### Exercise prompt
What follows is a set of records. Retype them exactly, leaving out the pictures.

Items from a dataset:
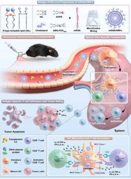 近些年来,mRNA疗法在诸多疾病治疗领域已成为一种革命性的治疗手段。其中,以脂质纳米颗粒(Lipid Nanoparticles, LNPs)作为mRNA递送载体已在感染性疾病(如COVID-19、RSV等)的预防中取得显著成功。然而,在肿瘤免疫治疗领域,如何将mRNA精准递送至脾脏这一关键免疫器官,特别是靶向其中的树突状细胞(DC),以高效激活机体特异性抗肿瘤免疫应答,仍是一个亟待解决的挑战。
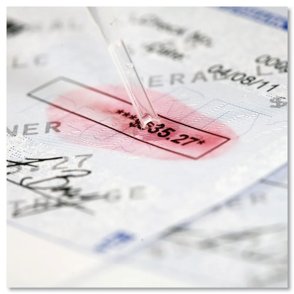 Hidden security feature releases a red stain if chemical alteration is attempted.
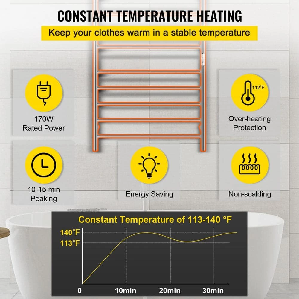 We provide you an advanced electric towel warmer to keep your clothes at a constant gentle temperature even in cold weather. With its help, you will not worry about unhygienic troubles. The VEVOR warmer rack gives you a spacious space to hold many clothes and heats them in a short time. Moreover, thanks to the timer design, the product will ensure convenient and secure use in your daily life.
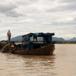 Első célunk Van Long volt. Mivel reggel volt és azért mégis 22 kmre van a várostól, így szerencsénk volt. Rajtunk kívül senki nem volt a tavon! A tó gyönyörű tiszta vizű, lehetett látni a növényeket az alján. Élveztük a kilátást, a karszt hegyeket, a nádast és a csendet – amíg az evezős nénink el nem kezdett magában vietnámiul beszélni. Egy barlanghoz evezett minket. Közben sok jégmadarat láttunk és rákokat gyűjtő horgászokat. Kb. 1,5 óra múlva ismét motorra szálltunk és Kanh Ga faluját céloztunk meg. Itt egy helyi emberhez vittek minket, aki állítólag a hajós volt. A szállásadónktól előre megkérdeztük, mi mennyibe fog kerülni (mindenre fel kell készülni), és ő azt mondta, hogy a csónak 50.000 Dong lesz fejenként. Így eléggé meglepődtünk, amikor az ember leültetett minket és rohadozó fogsorát kivillantva ránknevetve így szólt: Let’s talk about money – vagyis, hogy beszéljünk a pénzről, és 150.000 Dongért akarta adni a csónakot. Mondtuk, hogy nem, az sok pénz (szerencsétlen néni 60.000 Dongért csónakáztatott minket saját erejéből, itt meg egy motorcsónakról beszélünk nevetséges benzinárak mellett). Nem volt hajlandó 120 ezer alá menni, így csalódottan és mérgesen szálltunk vissza a motorokra – de nem lepődtünk meg, amikor 5 perc múlva megálltunk a hivatalos csónakkikötőben, ahol az ember kérdés nélkül 2x50ezer Dongot írt a számlára. Kenh Ga faluja elszigetelten a folyó partján fekszik és itt meg lehet figyelni a helybéliek tipikus falusi életét – ez állt a Lonely Planetben. Amit láttunk, az ennek abszolút nem felelt meg. Az utóbbi időben ugyanis, az összes falusi ház eltűnt, és modern új házak emelkedtek. Így unatkozva és csalódva jót szunyókáltunk a motor kattogására. Természetesen este megkérdeztük a szállodatulajdonost, hogy mi volt az az akció a csónakkal – ő nagyot nézett. Nem tudtuk eldönteni, hogy a motorosát védi, aki a haverjának akart üzletet csinálni, vagy tényleg nem értette miről beszélünk. A lényeg azonban az volt, hogy kiderült, arra lett volna még egy barlang, amit fejenként 10 ezerért megnézhettünk volna. Ezért került 120 ezerbe a csónak. – Milyen barlang??? Senki nem mondott semmit nekünk egy barlangról!!! Ráadásul reggel olyan sokáig álltunk egy fényképes fali poszter előtt és elmondott és mutogatott mindent a több utazási könyv által ajánlott szállodatulajdonos, és most hirtelen előkerült a semmiből egy barlang, amiről szó sem volt eddig… és már megint mi vagyunk a hülye turisták.
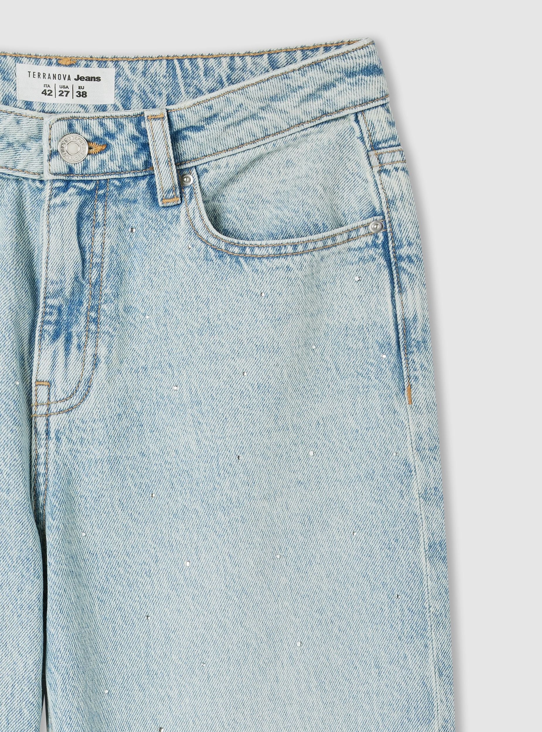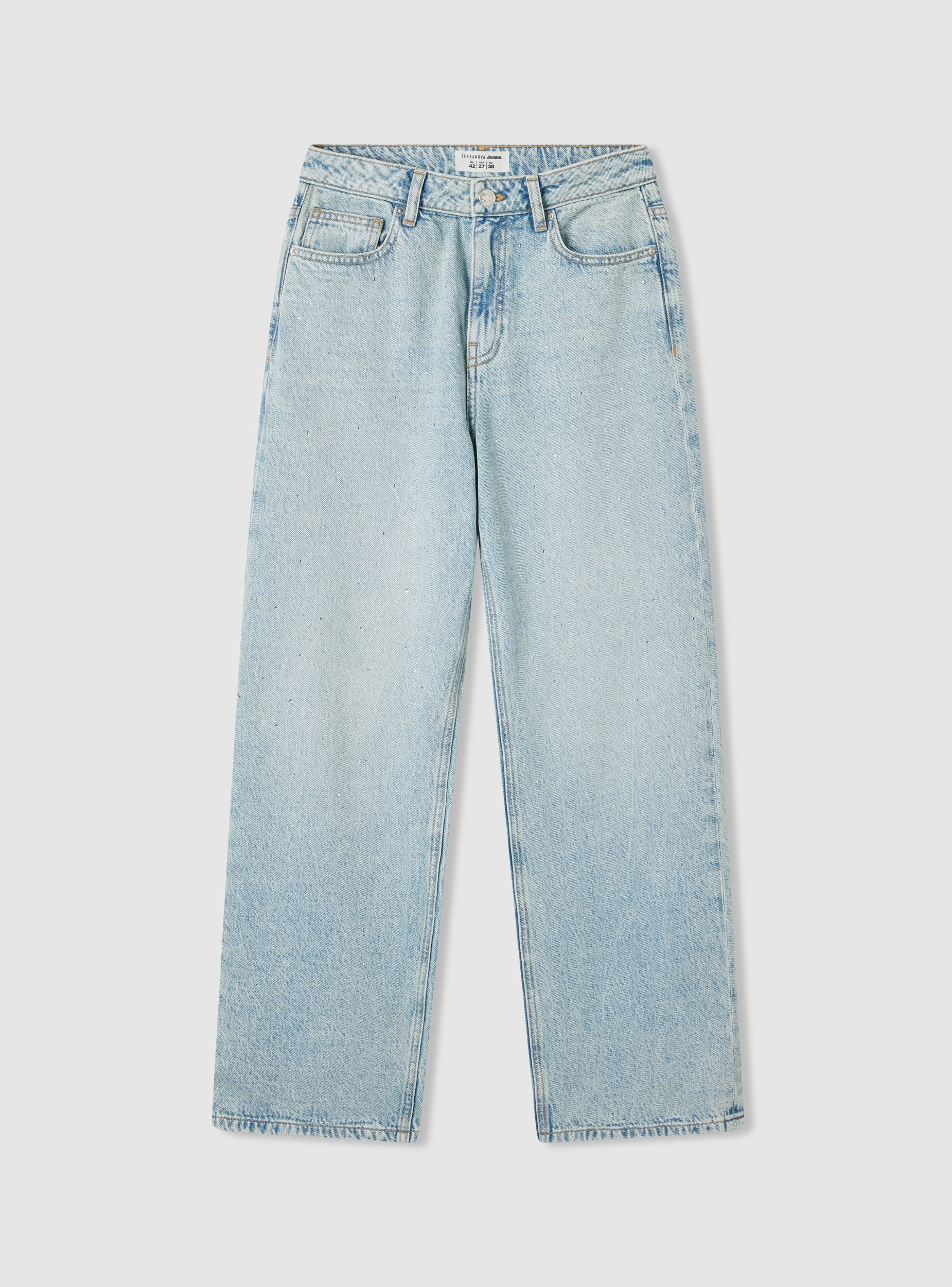 Ženske traperice širokog kroja i dizajna wide leg. Ove traperice svijetlog denima ističu se modernim i ležernim stilom, obogaćene detaljima sa šljokicama koje daju originalan dodir. Idealne za kombiniranje s majicama ili košuljama, prikladne su za razne prilike, od slobodnog vremena do neformalnih izlazaka. Imaju zatvaranje na gumb i patentni zatvarač, prednje i stražnje džepove te udobnu i svestranu siluetu.Detalji

### Output below
 近些年来,mRNA疗法在诸多疾病治疗领域已成为一种革命性的治疗手段。其中,以脂质纳米颗粒(Lipid Nanoparticles, LNPs)作为mRNA递送载体已在感染性疾病(如COVID-19、RSV等)的预防中取得显著成功。然而,在肿瘤免疫治疗领域,如何将mRNA精准递送至脾脏这一关键免疫器官,特别是靶向其中的树突状细胞(DC),以高效激活机体特异性抗肿瘤免疫应答,仍是一个亟待解决的挑战。
 Hidden security feature releases a red stain if chemical alteration is attempted.
 We provide you an advanced electric towel warmer to keep your clothes at a constant gentle temperature even in cold weather. With its help, you will not worry about unhygienic troubles. The VEVOR warmer rack gives you a spacious space to hold many clothes and heats them in a short time. Moreover, thanks to the timer design, the product will ensure convenient and secure use in your daily life.
 Első célunk Van Long volt. Mivel reggel volt és azért mégis 22 kmre van a várostól, így szerencsénk volt. Rajtunk kívül senki nem volt a tavon! A tó gyönyörű tiszta vizű, lehetett látni a növényeket az alján. Élveztük a kilátást, a karszt hegyeket, a nádast és a csendet – amíg az evezős nénink el nem kezdett magában vietnámiul beszélni. Egy barlanghoz evezett minket. Közben sok jégmadarat láttunk és rákokat gyűjtő horgászokat. Kb. 1,5 óra múlva ismét motorra szálltunk és Kanh Ga faluját céloztunk meg. Itt egy helyi emberhez vittek minket, aki állítólag a hajós volt. A szállásadónktól előre megkérdeztük, mi mennyibe fog kerülni (mindenre fel kell készülni), és ő azt mondta, hogy a csónak 50.000 Dong lesz fejenként. Így eléggé meglepődtünk, amikor az ember leültetett minket és rohadozó fogsorát kivillantva ránknevetve így szólt: Let’s talk about money – vagyis, hogy beszéljünk a pénzről, és 150.000 Dongért akarta adni a csónakot. Mondtuk, hogy nem, az sok pénz (szerencsétlen néni 60.000 Dongért csónakáztatott minket saját erejéből, itt meg egy motorcsónakról beszélünk nevetséges benzinárak mellett). Nem volt hajlandó 120 ezer alá menni, így csalódottan és mérgesen szálltunk vissza a motorokra – de nem lepődtünk meg, amikor 5 perc múlva megálltunk a hivatalos csónakkikötőben, ahol az ember kérdés nélkül 2x50ezer Dongot írt a számlára. Kenh Ga faluja elszigetelten a folyó partján fekszik és itt meg lehet figyelni a helybéliek tipikus falusi életét – ez állt a Lonely Planetben. Amit láttunk, az ennek abszolút nem felelt meg. Az utóbbi időben ugyanis, az összes falusi ház eltűnt, és modern új házak emelkedtek. Így unatkozva és csalódva jót szunyókáltunk a motor kattogására. Természetesen este megkérdeztük a szállodatulajdonost, hogy mi volt az az akció a csónakkal – ő nagyot nézett. Nem tudtuk eldönteni, hogy a motorosát védi, aki a haverjának akart üzletet csinálni, vagy tényleg nem értette miről beszélünk. A lényeg azonban az volt, hogy kiderült, arra lett volna még egy barlang, amit fejenként 10 ezerért megnézhettünk volna. Ezért került 120 ezerbe a csónak. – Milyen barlang??? Senki nem mondott semmit nekünk egy barlangról!!! Ráadásul reggel olyan sokáig álltunk egy fényképes fali poszter előtt és elmondott és mutogatott mindent a több utazási könyv által ajánlott szállodatulajdonos, és most hirtelen előkerült a semmiből egy barlang, amiről szó sem volt eddig… és már megint mi vagyunk a hülye turisták.
 Ženske traperice širokog kroja i dizajna wide leg. Ove traperice svijetlog denima ističu se modernim i ležernim stilom, obogaćene detaljima sa šljokicama koje daju originalan dodir. Idealne za kombiniranje s majicama ili košuljama, prikladne su za razne prilike, od slobodnog vremena do neformalnih izlazaka. Imaju zatvaranje na gumb i patentni zatvarač, prednje i stražnje džepove te udobnu i svestranu siluetu.Detalji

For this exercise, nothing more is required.